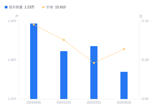 近一年(2024年6月30日至2025年6月30日),粤万年青A股股东户数从1.51万户,减低至1.23万户,降幅18.26%,区间股价上涨13.74%。
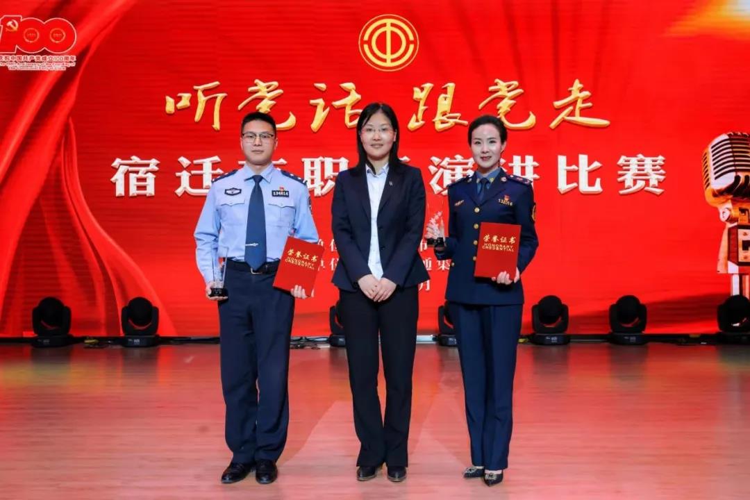 宿迁市总工会副主席徐法林为获得三等奖选手颁奖
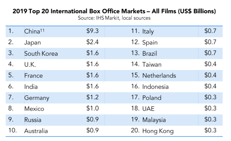 例えば2019年ハリウッド映画(アメリカ制作映画)国別売り上げランキング
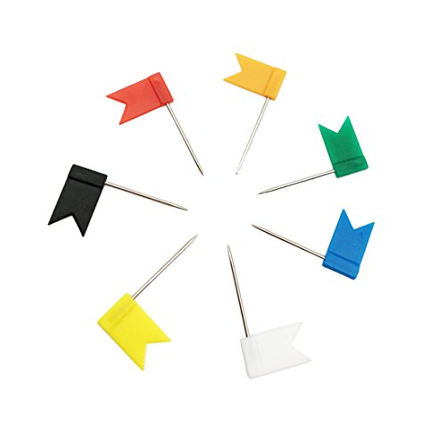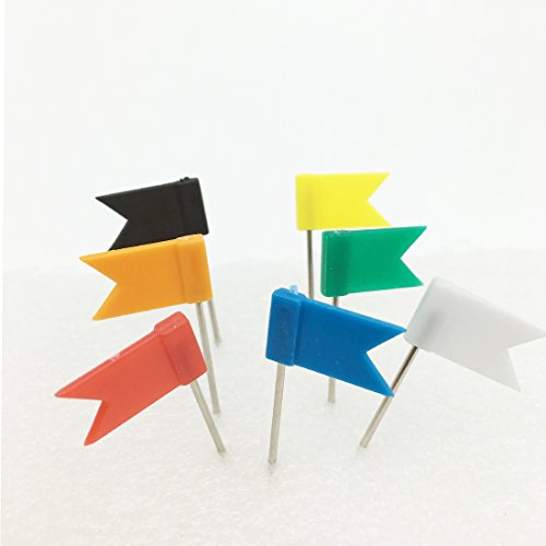 VAPKER 7 Colors Map Marking Flat Flag Shaped Push Pins Pack of 70(Each Color 10 Pcs)
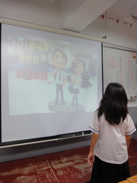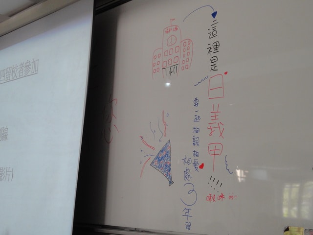 一開始先是校長致詞,螢幕一拉下來~ 整個白板就去掉大半啦!!

┄┄┄┄┄┄

§ **EXERCISE DIRECTIONS**
Beginning at the line that contains "例えば2019年ハリウッド映画(アメリカ制作映画)国別売り上げランキング", transcribe it and every later line through the last line of the data above, exactly, and drop the pictures.

§ **EXERCISE OUTPUT**
 例えば2019年ハリウッド映画(アメリカ制作映画)国別売り上げランキング
 VAPKER 7 Colors Map Marking Flat Flag Shaped Push Pins Pack of 70(Each Color 10 Pcs)
 一開始先是校長致詞,螢幕一拉下來~ 整個白板就去掉大半啦!!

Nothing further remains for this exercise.